We have the issues on latest stable (we even tried the just-committed 5898), and then switched to the trunk branch to try incremental updates until the issue appeared. Everything is OK up to revision 5883. However, when I ran a poll with debug, everything works OK (even in the latest revisions). We use the poller-wrapper script in our crontab, and when I edited it to pass the debug argument to the poller.php script, the issue is resolved. So only non-debug polling via the poller-wrapper script seems (partially) broken, strangely.

I can provide the full debug and non-debug polling logs, if required, but there isn't really anything useful there, since everything works as expected with the debug turned on, and pretty much nothing gets output on the non-debug runs that fail. Here are the first 15 lines of the no-debug poll run log, with a host "xxx1" that failed at the top:

Observium v0.14.10.5898 Poller

Starting polling run:

xxx1nyi.net 26 ios (cisco) Observium v0.14.10.5898 Poller

Starting polling run:

xxx2.nyi.net 9 ios (cisco) Observium v0.14.10.5898 Poller

Also, when the non-debug poll runs and fails, it only takes < 1 second to finish the poll.

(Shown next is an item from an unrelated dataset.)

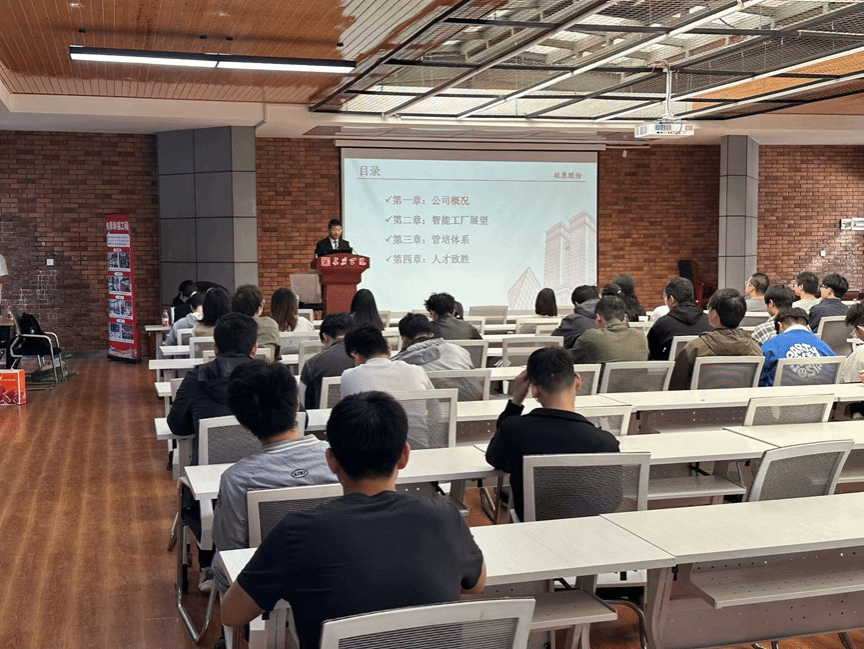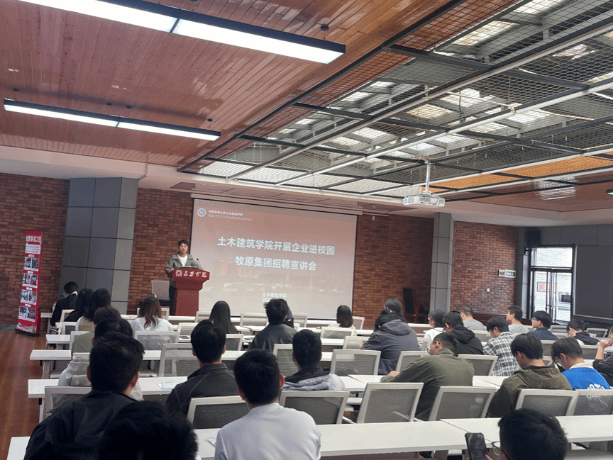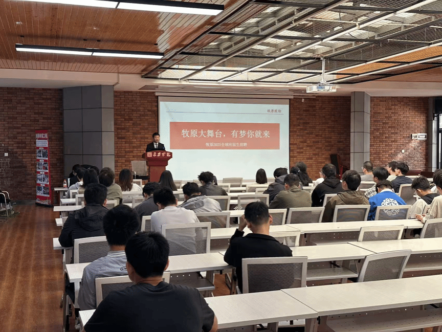 宣讲会现场,牧原食品股份有限公司招聘负责人从公司概况、智能工厂展望、管培体系、人才致胜等4个方面为毕业生进行了详细的讲解。他表示牧原是一个成就梦想的大舞台,有梦你就来,热烈欢迎大家的加入。
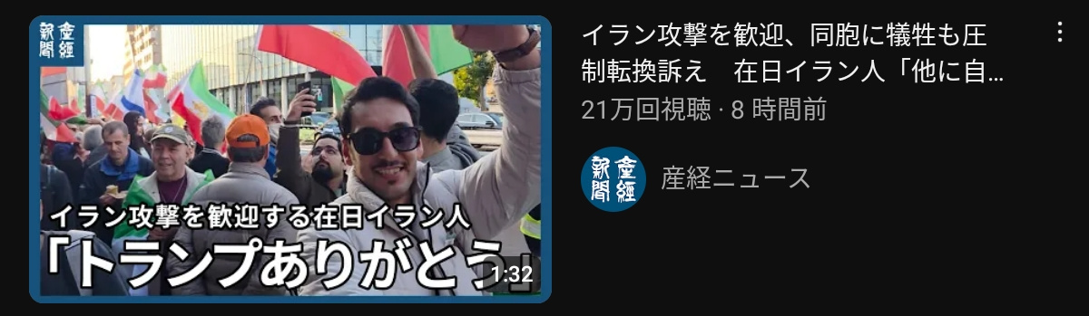 | … | 3無念Nameとしあき26/03/02(月)20:07:34No.1391160637そうだねx5イランが無差別にいらん攻撃してるんすよー |

Whatever is failing is happening very early in the polling process, before it runs any SQL. Here is a snippet of some failures from the poll log:

[2014/10/21 14:35:00 -0400] discovery.php(84391): /usr/local/www/apache24/observium/discovery.php: new - 0 devices discovered in 0.002 secs [2014/10/21 14:35:01 -0400] poller.php(84397): /usr/local/www/apache24/observium/poller.php: xxx1.nyi.net - 1 devices polled in 0.294 secs [2014/10/21 14:35:01 -0400] poller.php(84402): /usr/local/www/apache24/observium/poller.php: xxx2.nyi.net - 1 devices polled in 0.516 secs [2014/10/21 14:35:08 -0400] poller.php(84601): /usr/local/www/apache24/observium/poller.php: xxx3.nyi.net - 1 devices polled in 0.405 secs [2014/10/21 14:35:11 -0400] poller.php(84689): /usr/local/www/apache24/observium/poller.php: xxx4.nyi.net - 1 devices polled in 0.259 secs [2014/10/21 14:35:12 -0400] poller.php(84711): /usr/local/www/apache24/observium/poller.php: xxx5.nyi.net - 1 devices polled in 0.334 secs [2014/10/21 14:35:17 -0400] poller.php(84855): /usr/local/www/apache24/observium/poller.php: xxx6.nyi.net - 1 devices polled in 0.170 secs [2014/10/21 14:35:17 -0400] poller.php(84871): /usr/local/www/apache24/observium/poller.php: xxx7.nyi.net - 1 devices polled in 0.270 secs

These servers normally take about 15 - 30 seconds each to poll. Here is the start of the successful debug-enabled poll run for the same host that failed first above (xxx1):

xxx1.nyi.net 26 ios (cisco) Observium v0.14.10.5898 Poller

Starting polling run:

SQL[SELECT `device_id` FROM `devices` WHERE `disabled` = 0 AND `device_id` = '9' ORDER BY `device_id` ASC]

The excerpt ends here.